I have no idea why would you claim that with the introduction of GDPR Europe lost on tech. By tech I mean the SV industry, there are many other technologies out there.
Anyway, why all the "tech" is in SV? Do they have GDPR in the other states?
I don't know internals but would bet that it's an implementation of GDPR which happened shortly before Brexit. Do you really think after all that Brexit hassle they will miss the chance to attract tech companies?
Well the point is that Europe is helplessly missing globally competitive innovative shops in important IT sectors. This is a big economical and political problem which is not solved by referring to marginal copycats of existing US services.
As an employee of a European company which is chosen by European and US customers alike _specifically_ for our competence in European market regulation I see opportunity where you see shortage. Of course, we will never join the ranks of public celebrities such as Facebook or Google, but who cares, really. It's very likely you've interacted with our products in one way or another, we've made some revenue with it, and that counts. That the technology is coming from Europe, you'll never know.

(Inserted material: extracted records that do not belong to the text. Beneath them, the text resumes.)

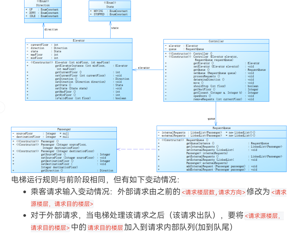 - 算法改进:为实现新功能采用了更高效、简洁的算法。比如在决定电梯请求处理顺序时,新代码可能摒弃了之前复杂的多重嵌套判断,改用更合理的逻辑判断方式。像 ControlSystem.decideProcessingOrder() 方法,通过合理分析内外部请求与电梯当前方向的关系,避免了过多冗余的判断层次,减少了代码的复杂度。
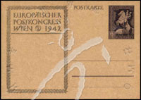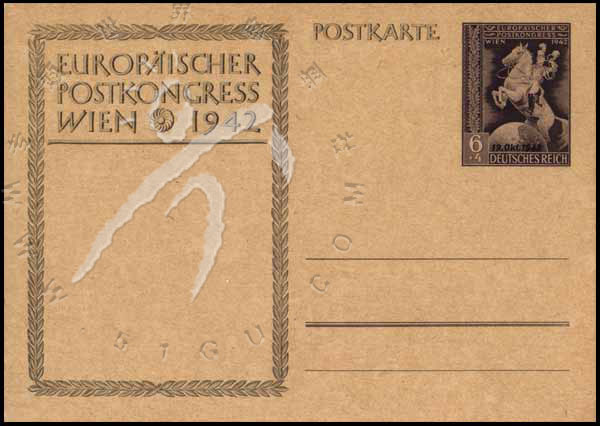 欧洲邮政代表大会,骑马的邮差、吹邮车号角的邮差在欧洲地图前等邮资片1C
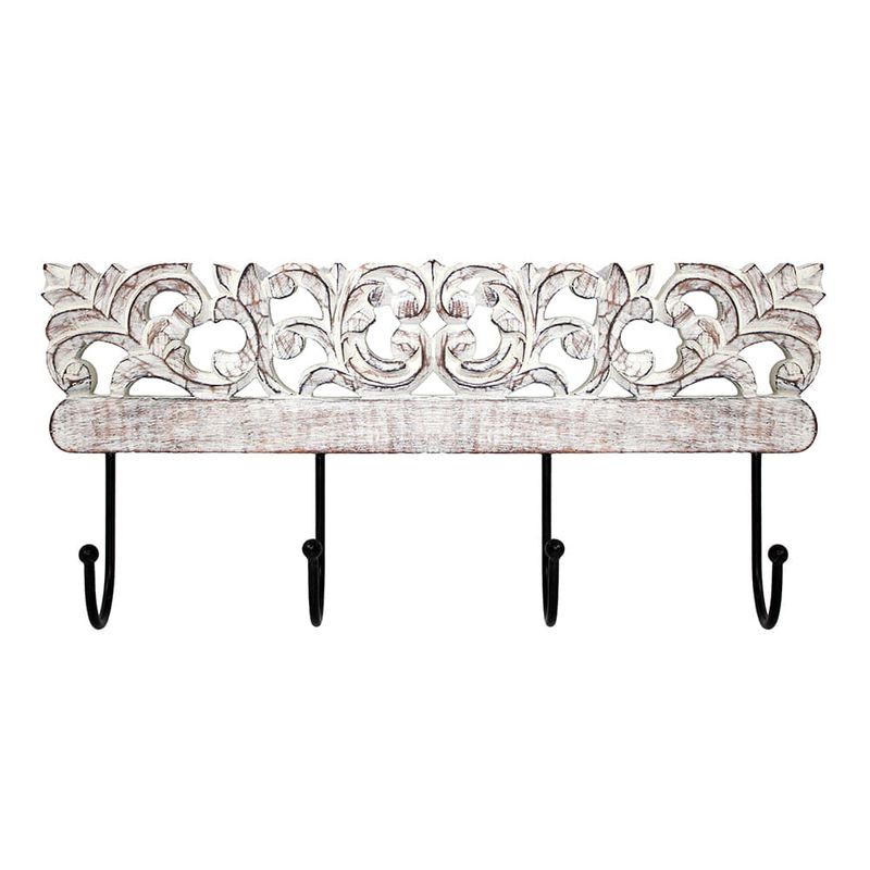 Perchero en madera labrado 40x18 cm 4 ganchos blanco
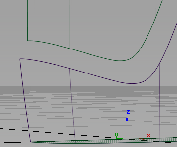 Birail サーフェスが滑らかでピンと張った状態になるように、CV が 3 つだけのカーブを使用してブレンドの特徴を定義します。2 つの CV はラベル サーフェスに対する接線連続性をコントロールし、3 つ目の CV は胴体サーフェスに対する位置連続性をコントロールします。
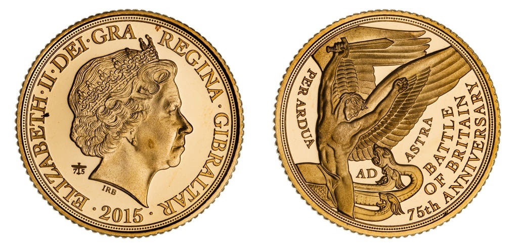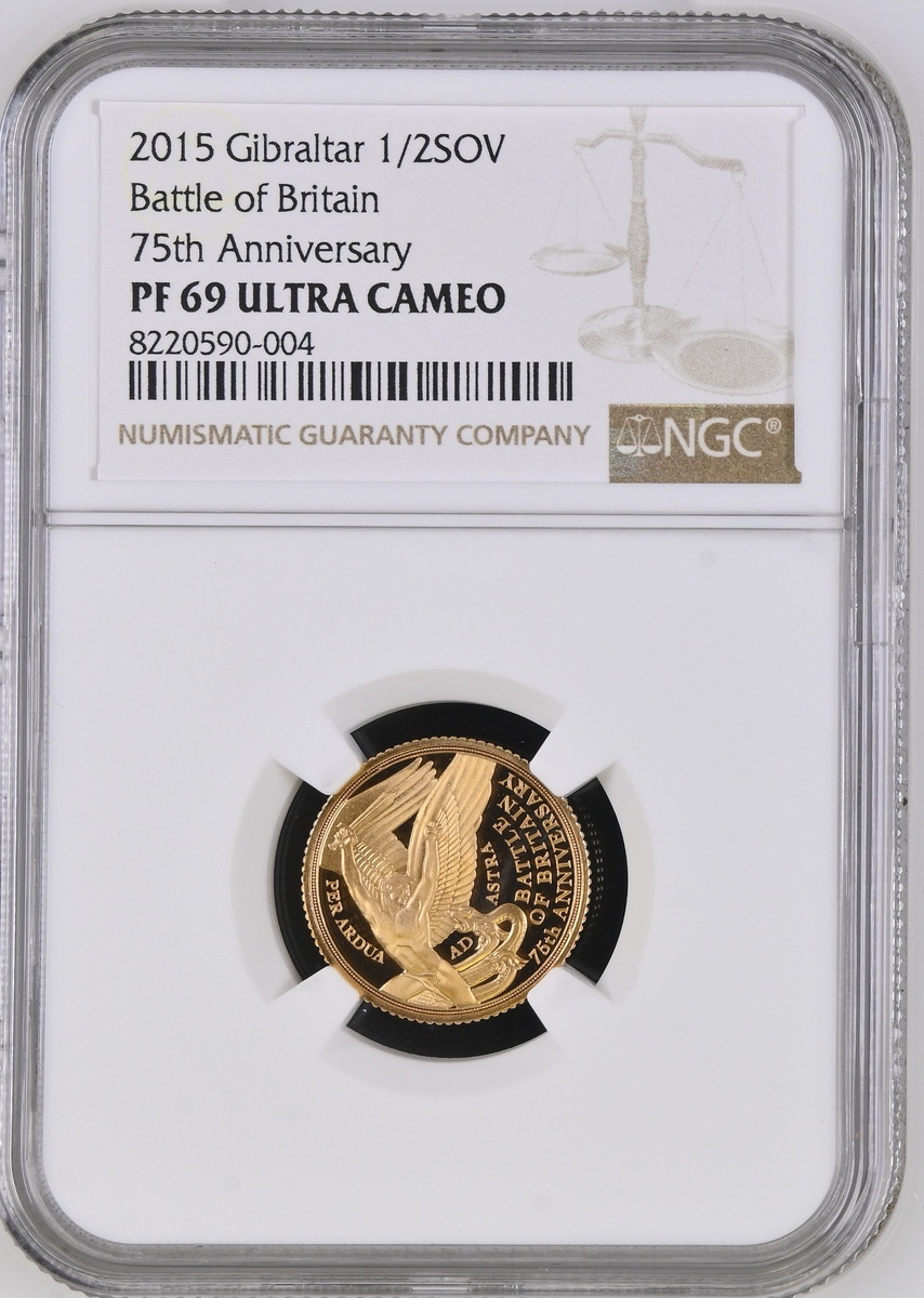 (g) NGC PF69 ULTRA CAMEO | Gibraltar, Elizabeth II (1952-2022), Proof Half-Sovereign, 2015, Battle of Britain, 75th Anniversary, crowned bust right, by Ian Rank-Broadley, edge milled, 12h, brilliant as struck, in NGC holder, graded PF69 ULTRA CAMEO (Cert. #8220590-004)
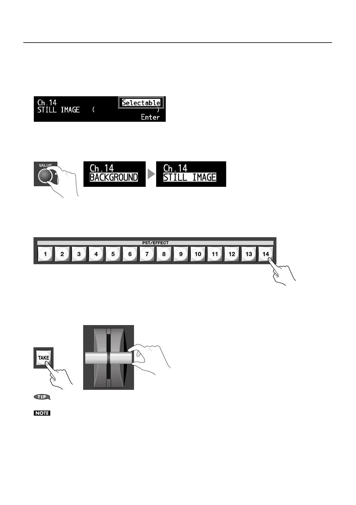 Go to the PST/EFFECT section and press the button for channel 14 to place the still image on standby. If the display mode for the
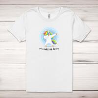 You Make Me Horny Unicorny Adult T-ShirtA rude unisex adult t-shirt with 'You Make Me Horny', choose from either a fabulous pink unicorn or a cheeky dabbing blue unicorn design printed across the front of a 100% cotton* t-shirt. This rude t-shirt is great as a gift for any occasion.All of our unisex adult t-shirts are designed and hand-printed in the UK and are manufactured from 100% ringspun cotton for a premium quality feel and feature double-stitched waist hem and sleeves, seamless double-needle collar, taped neck and shoulders, and a tubular body that has been quarter turned to avoid a centre crease; available in sizes from Extra Small to 4XL*. *Black & White tees available in sizes XS - 4XL, all other colours available XS - 2XL Size GuideUnisex adult t-shirts are measured across the chest, in inchesXS 30/32'S 34/36'M 38/40'L 42/44'XL 46/48'2XL 50/52'3XL 54/56'4XL 58/60'See more on our clothing size guide (opens in new tab)Please NoteAll of our items are hand-printed to order, as a result, colours may vary between prints - images are for illustration purposes only.Show more products with the You Make Me Horny Unicorny design
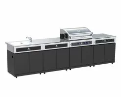 Design the ultimate outdoor kitchen and BBQ your way with Beefmasters range of add-on kitchen components; Premium Range, Bench & Sink. The Beefmaster Outdoor Kitchen suits outdoor spaces of every shape and size, each model comes in 3 different sized cooking systems: 2 Burners, 4 Burners or 6 Burners. Designed to stand alone or matched with our outdoor kitchen modules, build the perfect BBQ Kitchen for your home with Beefmaster’s unique modular customisation. This Kitchen Island is one of more than 85 possible variations of building your own customised outdoor kitchen island. If you have further inquiries call our nearest store for detailed information.
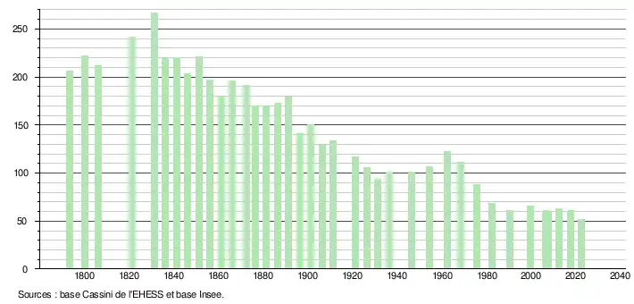 L'évolution du nombre d'habitants est connue à travers les recensements de la population effectués dans la commune depuis 1793. Pour les communes de moins de 10 000 habitants, une enquête de recensement portant sur toute la population est réalisée tous les cinq ans, les populations de référence des années intermédiaires étant quant à elles estimées par interpolation ou extrapolation[15]. Pour la commune, le premier recensement exhaustif entrant dans le cadre du nouveau dispositif a été réalisé en 2007[16].

Well I am hearing of them for the first time. Yeah I could be an ignorant, or they are not as relevant as you make it sound. A quick wiki search mentions they are best known for providing datasets for Stable diffusion and Imagen.
And if this is your counter example, then it proves my point that the Americans far more innovative currently.

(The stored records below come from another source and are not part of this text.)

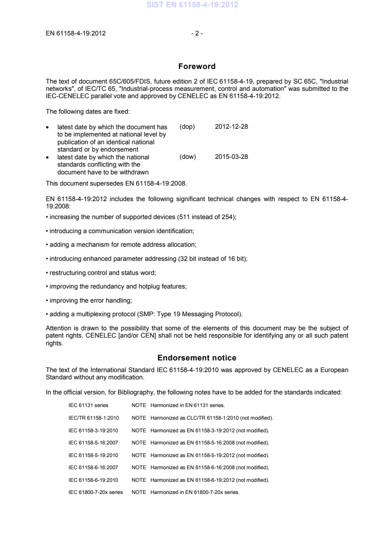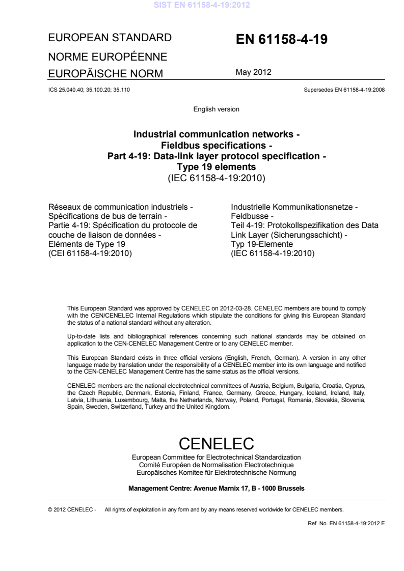 ICS 25.040.40; 35.100.20; 35.110 Supersedes EN 61158-4-19:2008
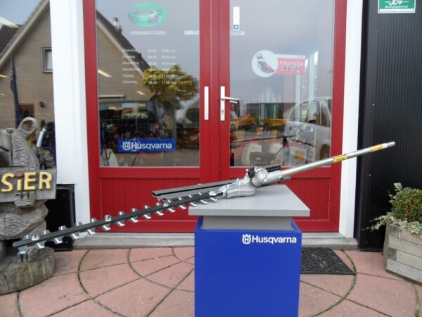 Zeer handige aankoppelbare heggenschaar, ergonomisch zeer verantwoord, doordat deze heggenschaar in combinatie met de motor in balans is, en in elke gewenste positie instelbaar is, wordt uw lichaam minimaal belast. Deze langere uitvoering is geschikt om op groter afstand te werken.
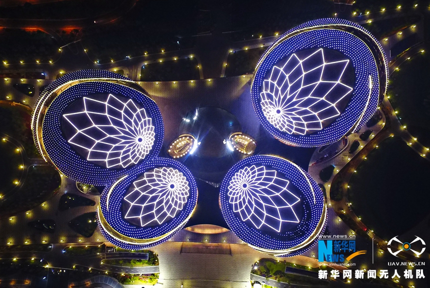 图为南京大剧院,夜晚的大剧院犹如夜光蝴蝶(姜海俊 孙帅摄)
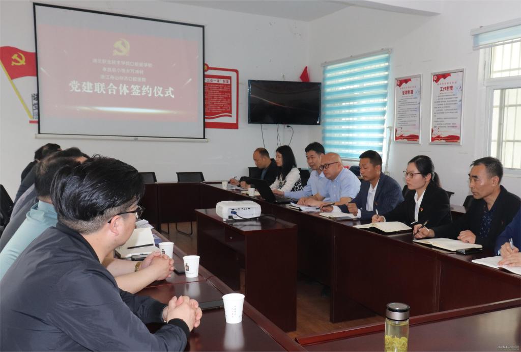 (本网讯 吴建桥 吴逸华)4月14日,口腔医学院党总支、孝昌县小悟乡万冲村党支部及浙江舟山存济口腔医院党支部在万冲村堂群服务中心举行校地企党建联合体签约仪式,小悟乡党委委员、副乡长刘颖主持活动。
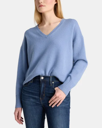 Middelblauwe rechte trui van Ceylanwol en kasjmier
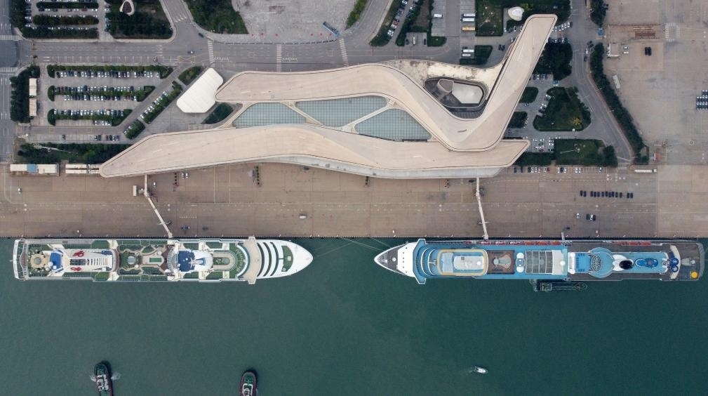 9月27日,“夢想”號郵輪(左)、“地中?!碧栢]輪靠泊在天津國際郵輪母港準備啟航(無人機照片)。新華社記者 趙子碩 攝

I wonder if all those calling ChatGPT and the like “AI” when it’s nothing of the sort regret doing so now. AI is a scary word for certain groups, while machine learning (which is what this is) isn’t. Now you have a bunch of Luddites with pitchforks looking for a witch to burn.

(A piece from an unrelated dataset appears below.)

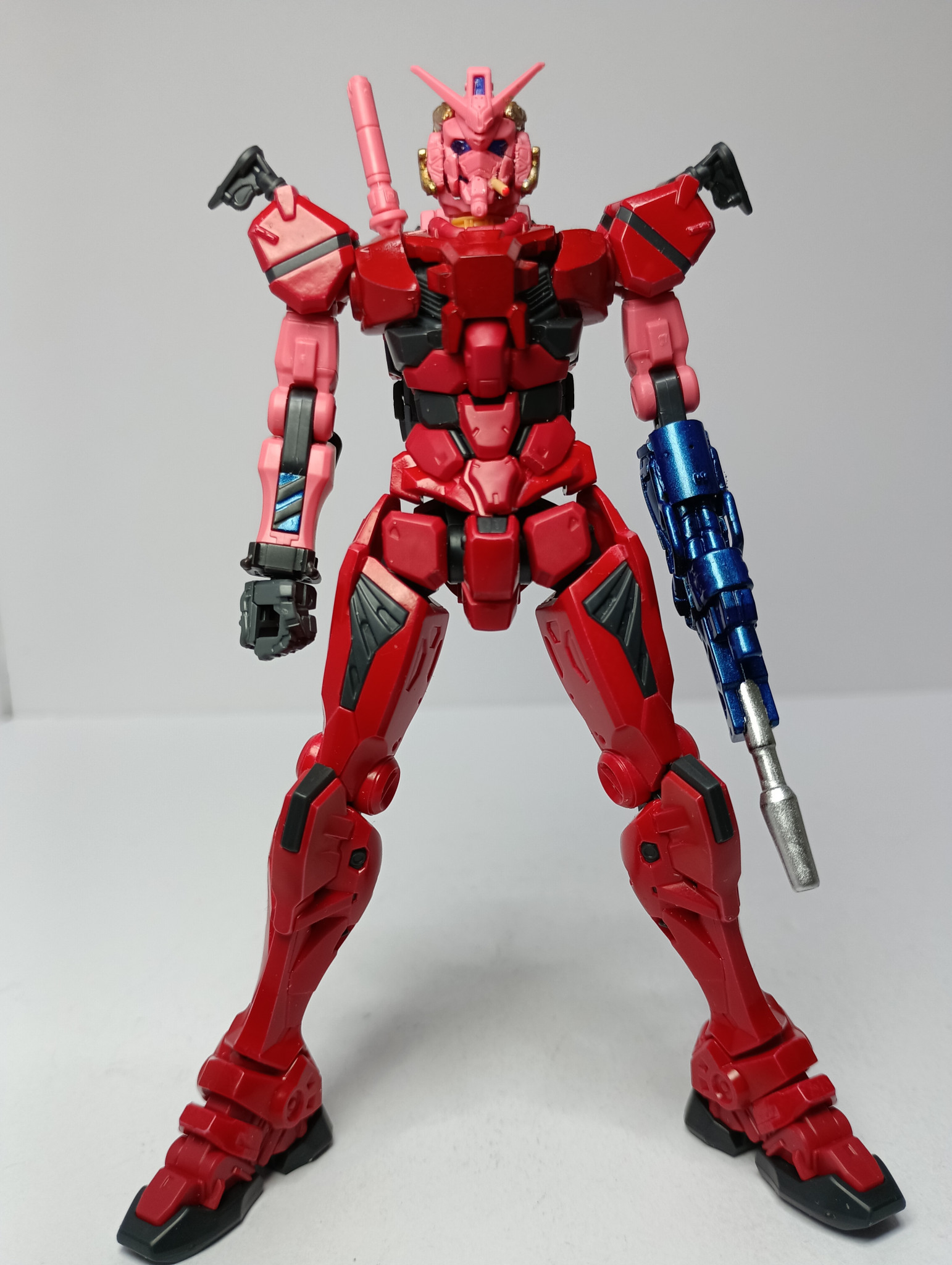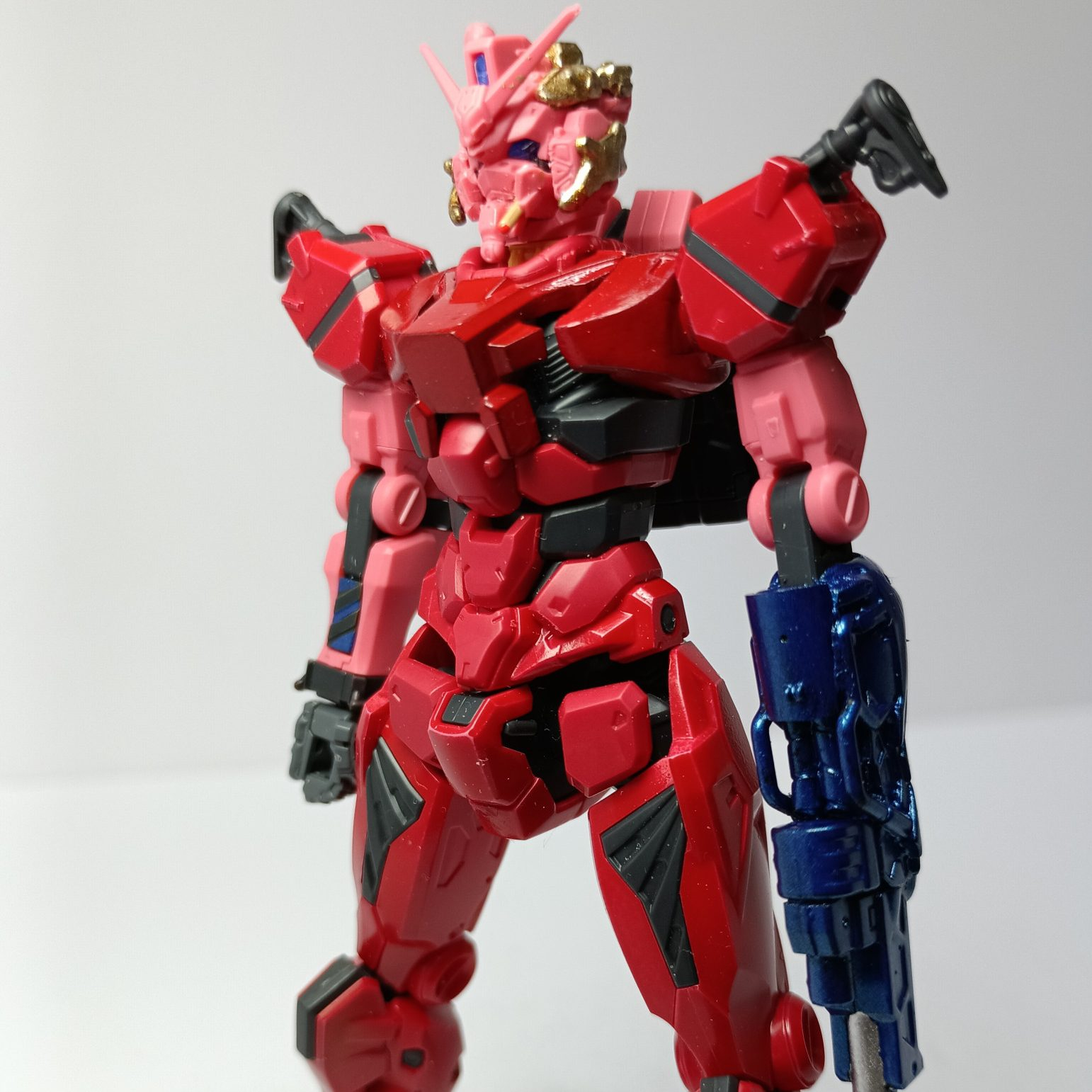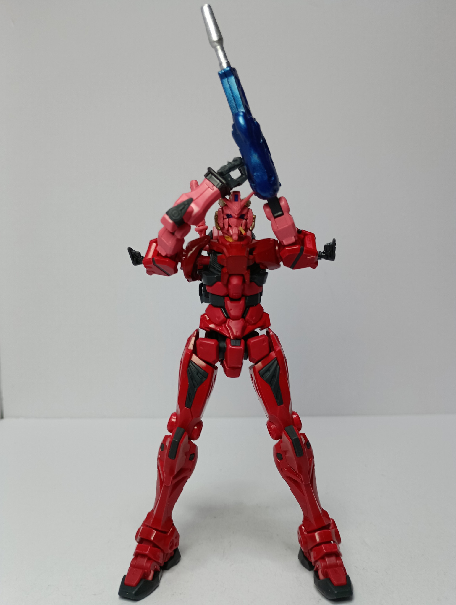 そもそも赤は個人的にそんなに好きでなく、赤い機体でも普段なら別の色にしているのですが、赤いガンダムをどう改造しようかと思った際にふと「赤いままのほうが格好いいもの」ということを考え、思いついたのはカウンタックとCOBRAだったので、COBRAを選択。

What this act will do is severely stunt the European economy compared to the rest of the world, which will be racing ahead (as long as countries like the US don’t pass similar laws). By the time Europe realizes its mistake, it will be too late to catch up.
ChatGPT is most certainly AI: all of machine learning is a subset of the field of AI, as is much of symbolic logic and Bayesian inference. It's a massive and wide-ranging academic discipline.
Maybe you're thinking of "AGI", which is a term that appeared in the late 90's to make the distinction between the expert systems of the time and machines that could think like a human?
Do you think it’s coincidence that it came about during the middle of a massive hype wave with widespread talk of how AI will figuratively take over the world? Automated processes have existed for nearly 100 years.
Are you blaming them for pushing updates to existing regulations and reacting in a timely manner to the direction the markets are pushing their money into ?
Consider, for example, GDPR. Its implementation in Europe essentially forced compliance worldwide (with some smaller companies choosing to just not support users in the EU). And that's a good thing.
It's a large enough market that it can and should lead the way in sensible protections.
This isn't about luddites looking to burn witches. There are very sensible and immediate risks that we need to get ahead of. As someone in the ML/AI space I'm glad that many of the risks are coming to light. We don't need AGI for there to be serious problems with abuse of language models.
1) cookie banners are unrelated to the GDPR. 2) implementations of cookie banners that don’t allow users to reject cookies as easily as accepting them are illegal. 3) it is widely regarded as good that companies are obligated to disclose which third parties they are sharing your data with.
GDPR affects data, which is the basis of all computing. AI isn't - and this will mainly affect the companies building AI to forego offices and remote workers in the EU, not deployment in it.
when you call something “public action” people—in general—are all for it, but when you call it “government regulation” suddenly people start to get worried. when you say something is “literally” true, the literal and inflexible among us get annoyed when you don’t actually mean literally. words have fluid meaning and unusual connotations and if you can’t accept this you’re in trouble
Turing would argue that if the map resembles the territory so faithfully that you can't distinguish between them, the difference is moot. We're not there yet, but we're a hell of a lot closer than we were ten years ago.
> all training data be "relevant, representative, free of errors and complete."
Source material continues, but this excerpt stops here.